« Mais fichez-nous la paix » à l’Institut français
09/04/2025|Mathilde Lamy de la Chapelle
Une entrée en matière que l’on n’aurait pu inventer pour « Mais fichez-nous la paix ». Prévu le 28 mars, le vernissage de l’exposition a dû être annulé à la suite des frappes israéliennes sur Beyrouth. Comme si la guerre, ici tournée en dérision, tentait de s’imposer de nouveau. Mais les évènements n’ont pas empêché la salle Montaigne d’accueillir les premiers curieux dès le lendemain. Une inauguration en demi-teinte donc, dont l’exposition est sortie victorieuse en prouvant tout à la fois son actualité et sa nécessité.
Une exposition à l’humour décalé, incisif, tendre aussi
« Mais fichez-nous la paix : l’amour, l’humour, la guerre, la paix » est le fruit d’une collaboration entre le dessinateur français Serge Bloch, auteur bien connu des petits et des grands par ses fictions « Max et Lili » et « SamSam », et la star du stand up libanais, Chaker Bou Abdalla. Une exposition autour de laquelle se sont réunis les genres – la scène et le dessin, les cultures, les langues, avec pour traits d’union le rire, l’art et le partage.
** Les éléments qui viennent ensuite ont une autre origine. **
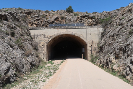Kurz darauf steht man vor dem Portal des Tunnels von Ciria, 245 m lang und beleuchtet. Über dem Südportal befindet sich die Solaranlage zur Tunnelbeleuchtung.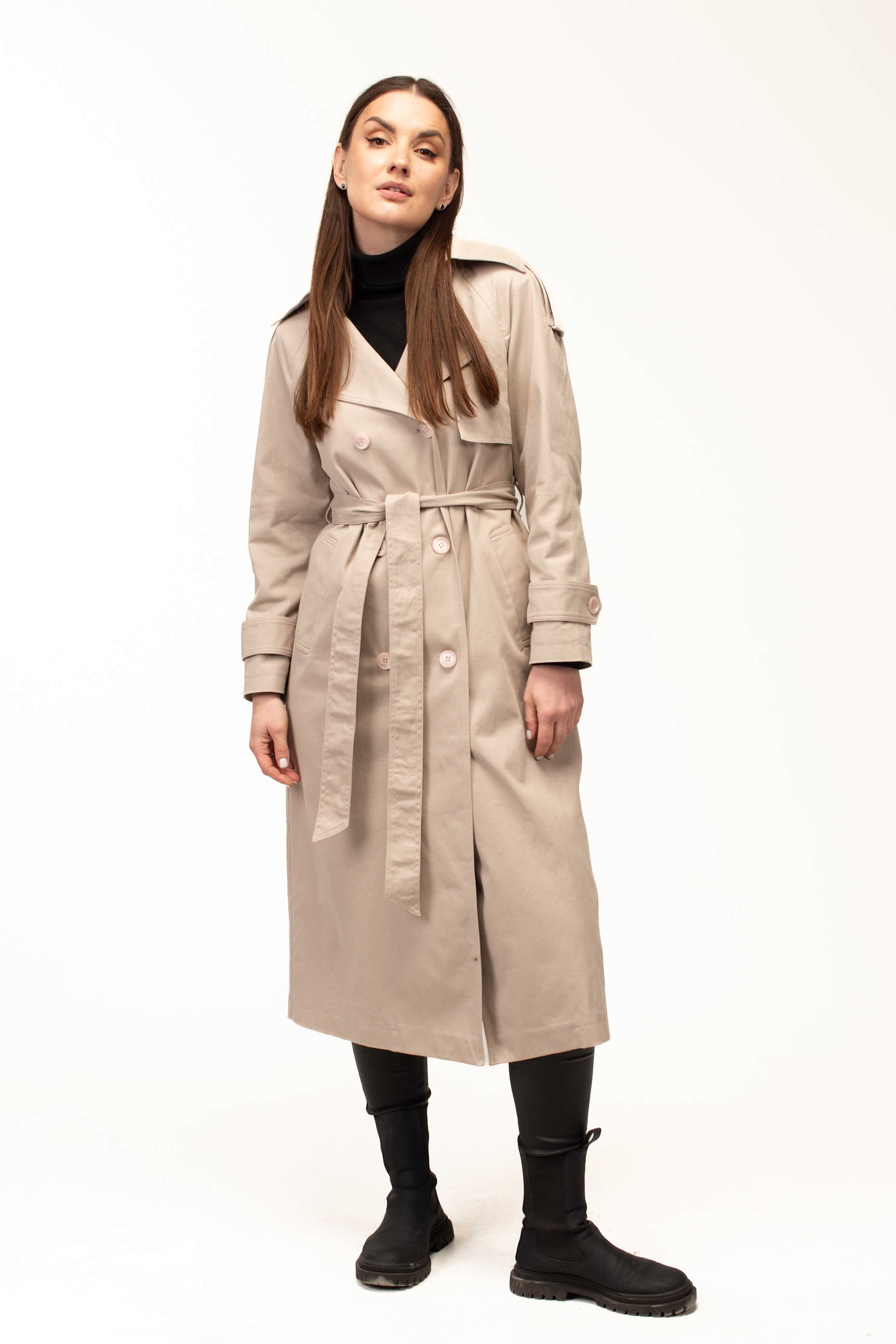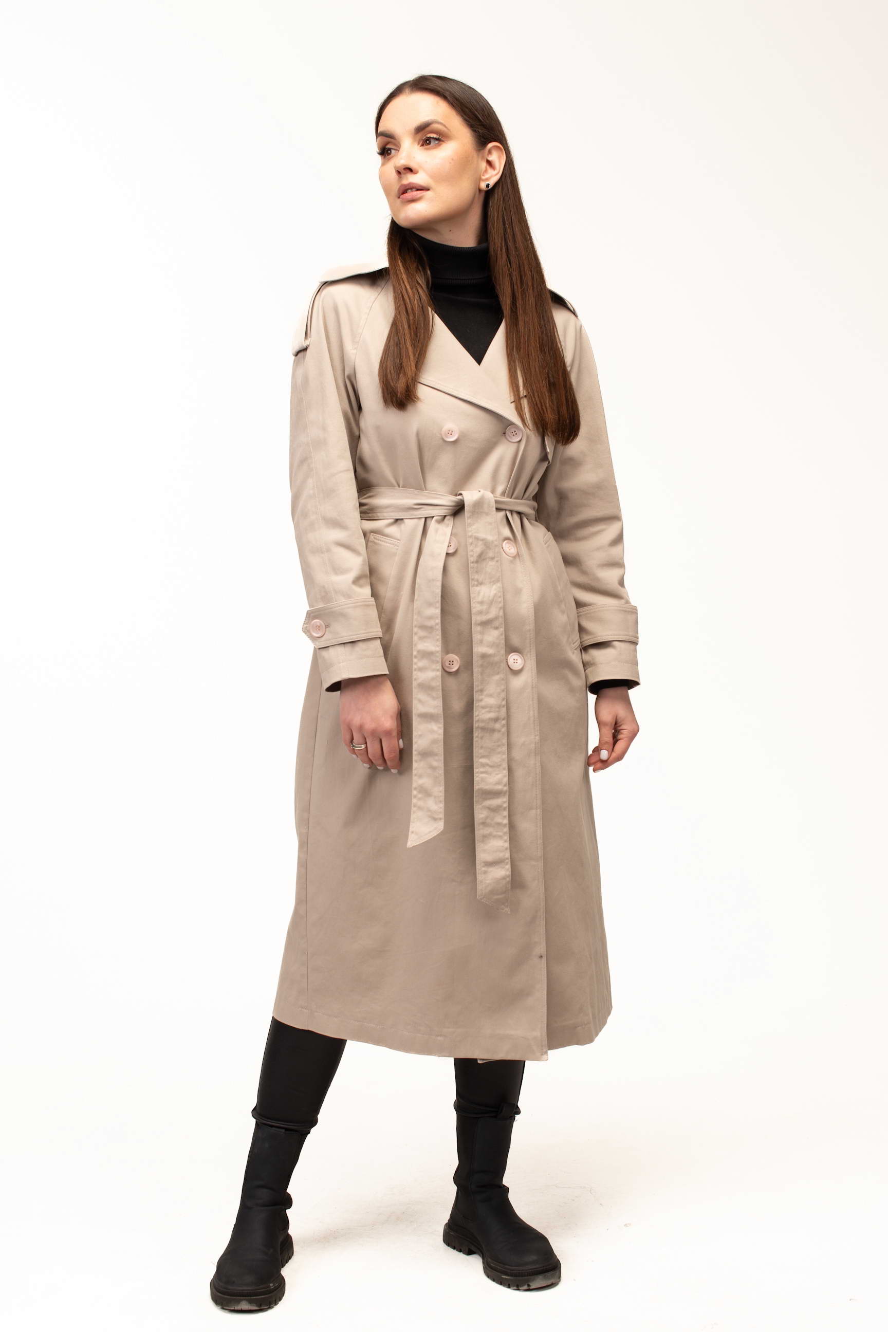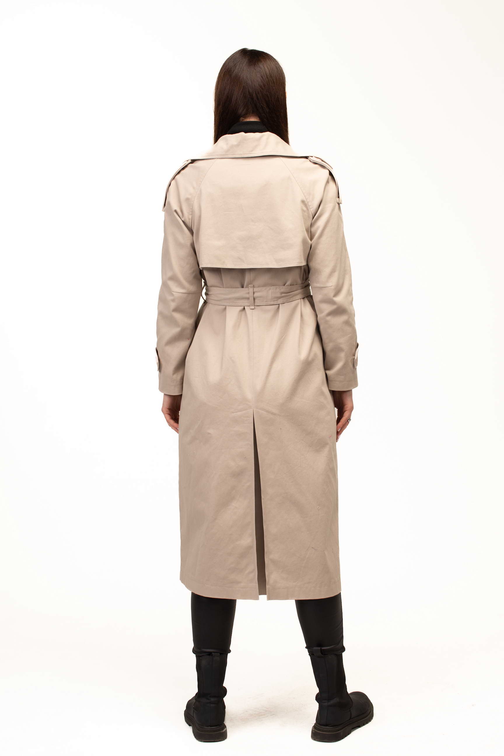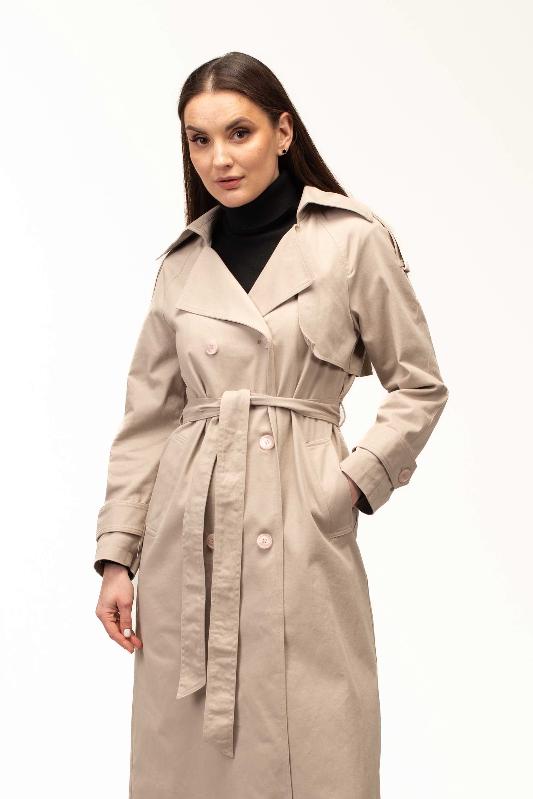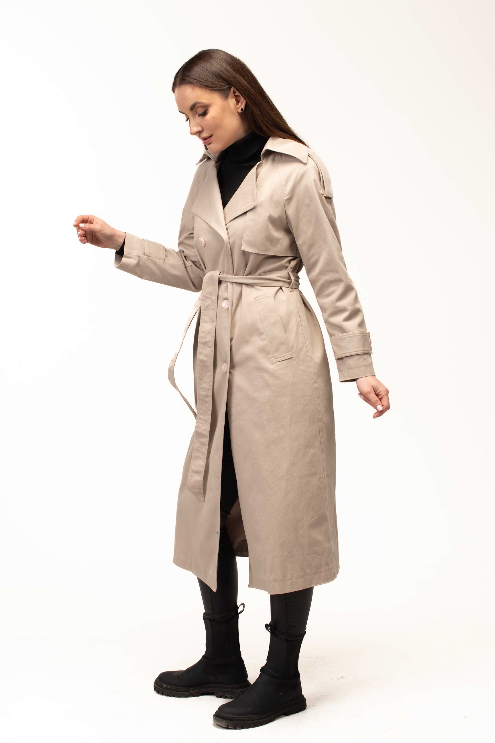 Бежевий колір додає тренчу витонченості та універсальності, роблячи його базовою річчю для створення стильних образів. Він легко поєднується як зі світлими, так і з темними відтінками, дозволяючи формувати гармонійні луки для будь-якої ситуації — від ділових зустрічей до прогулянок містом.

Une même envie aussi : celle d’alléger grâce à l’humour un quotidien assombri par la guerre et son souvenir. L’exposition, qui s’adresse autant aux adultes qu’aux plus jeunes, et notamment à un public scolaire, est à la fois ludique et interactive. Les illustrations de Serge Bloch invitent à se plonger dans un monde à hauteur d’enfant, où le rire et le jeu devraient être les seules préoccupations. On apprécie les dessins, pareils à des tags, placardés sur les murs de la salle Montaigne, les planches de BD en accordéons ainsi que les « photobooth » permettant de se grimer en personnage fantaisiste, comme une invitation à s’immerger dans un univers sens dessus dessous, à prendre de la distance avec le monde réel pour le regarder de loin et pouvoir en rire.
« On peut rire de tout, mais pas avec n’importe qui » ?
L’exposition se lance un vrai défi : celui de « rendre léger ce qui est désespérément lourd », selon les mots de Serge Bloch. Pari difficile mais réussi, à quelques détails près. On rit mais on rit jaune tant l’exposition attaque avec justesse et véracité les outrances de la guerre. Les manipulations du pouvoir sont pointées du doigt et chacun en prend pour son grade : militaires, politiques et profiteurs de troubles.
Sans faire oublier la noirceur du tableau, les dessins enfantins de Serge Bloch parviennent à nous convaincre que, face à une telle absurdité, la dérision demeure la meilleure des contre-attaques. La plus sage et la plus efficace aussi. On pense à la remarquable illustration animée de l’album L’ennemi de David Cali, dans lequel deux soldats, isolés dans leurs tranchées, se surprennent à découvrir l’humanité de l’autre. « Je veux arrêter cette guerre, mais comment faire ? ».
Une exposition à découvrir en famille avant le 30 juin.